This article appeared at the weekend, suggesting that CRC could be merged with other taxes following the publication of a number of so-called "discussion papers" for the 5,000 companies due to be affected.

As the piece points out, the news that more changes could be on the way will cast more confusion over the tax, which has been criticised for baffling businesses. It's said, however, that doing away with the CRC would not necessarily mean that companies would have to pay less because its intended effects could be included in another green tax covering a wider number of businesses.

This year's Budget is being held on March 23rd, and I'm told the future of CRC could be up for discussion in government circles around a week before, leading to the possibility that an announcement about the future of CRC - and a new green tax? - could be made in the Budget.

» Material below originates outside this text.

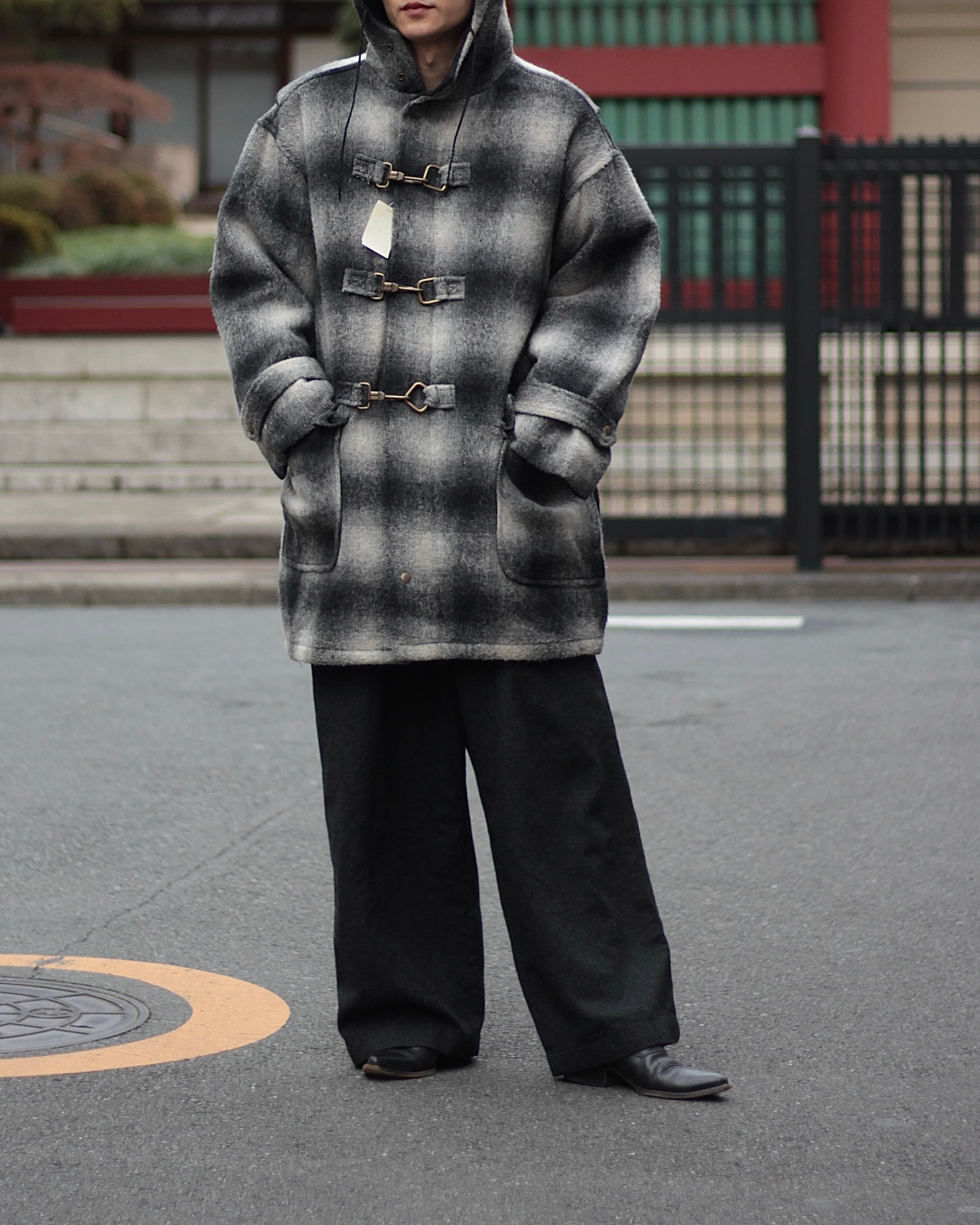 80年代頃のオンブレチェックのファイヤーマンディテールのハーフフードコート入荷しました!

CRC was originally meant to reward companies for reducing their emissions and penalise those who failed to do so. But the Treasury seemed to pull rank on the Department of Energy and Climate Change when it decided to, as the article points out, 'pocket the proceeds meant to go to good performers in order to help reduce the deficit.'

There is a degree of frustration about the government's dithering over CRC, not least from companies who in good faith are trying to develop services around it, but find themselves twisting in the wind as the government goes back and forth over its future. Leaks like the one at the weekend don't help them. And they certainly don't help organisations - and particularly their CIOs and Finance Directors - looking for some policy certainty going forwards. 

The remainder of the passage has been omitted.